En 1978, mis padres llegaron a la edad que tengo ahora. Habían pactado con los demonios que rondaban nuestra casa después de la bancarrota financiera y amorosa de su pareja. Olvidaban frecuentemente el pacto y se trenzaban en pleitos de fuego y pólvora. Mis hermanos mayores hacían su vida fuera de casa y del país; los dos menores, mi hermana y yo, compartíamos un pequeño departamento en la colonia Condesa.
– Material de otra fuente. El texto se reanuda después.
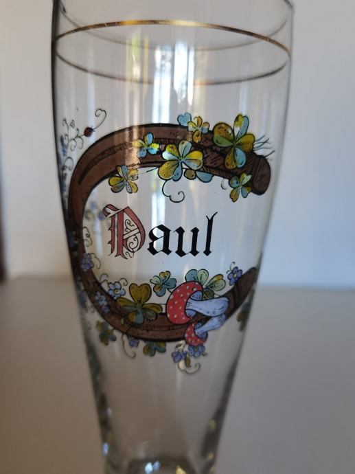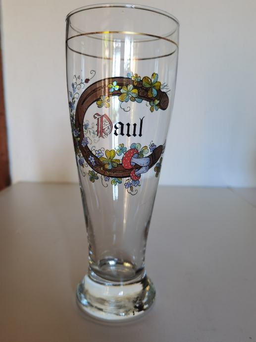 Kozarec za pivo 0,5 litra z napisom Paul in podkvijo za srečo, primerno tudi za darilo, praktično nerabljen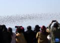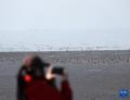 4月2日,游客在辽宁丹东鸭绿江口候鸟栖息地观看、拍摄“鸟浪”。记者 李钢 摄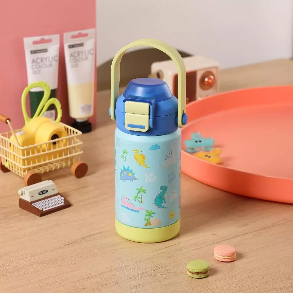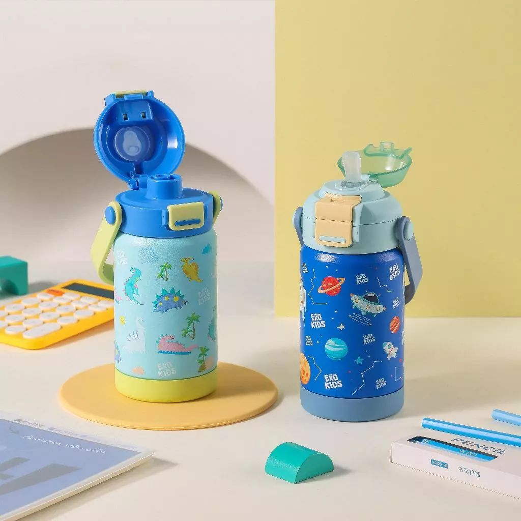 EKOZOU EKOKIDS ขวดน้ำเด็ก สแตนเลส 304 เคลือบเซรามิก ปลอดภัย มีหลอดดูด ฝาสองชั้น เก็บอุณหภูมิ 360ml (12oz)

Mi madre tomaba cafiaspirinas y entraba al primer año de su vejez en santa paz; mi padre, cumplía 60 sublevado contra la vida, en pie de guerra, inconforme y bebiendo brandy sin parar. Odiaba trabajar en la oficina de la Conasupo, una paraestatal que comercializaba granos y protegía los precios campesinos.

A mi papá le daba miedo su jefe: Rubén Zuno, hermano de la ex primera dama María Esther Zuno de Echeverría. Zuno purga una condena de tres cadenas perpetuas por sus relaciones con los asesinos de Enrique Camarena, el agente de la DEA torturado y asesinado en una casa de seguridad que le pertenecía a Zuno. Espero que Zuno se pudra en esa cárcel. Mi padre, capaz de desafiar a un grupo de pandilleros en un callejón oscuro, le temía a Zuno. Nunca le pregunté por qué se doblegaba ante las órdenes de ese rufián.

La vida se me iba en la cama con mi novia. Vuelcos y revuelcos que guardo como una semilla de oro en la memoria. Nuestros himnos retumbaban en el norte del corazón, como diría el clásico. Oigan esto: “Because the Night”, la voz de Patti Smith nos volvía locos. No quiero mentir: bailé “Copacabana” cantada por Barry Manilow. Rita Coolidge me ponía melancólico: “We’re All Alone”. No sé cuantas veces escuché a Bonnie Tyler y su éxito: “It’s a Heartache”. No voy a ocultar esta canción que le canté al oído a una joven delgada, de pelo crespo, lentes y mirada disidente: “Just the Way You Are”; sí, Billy Joel.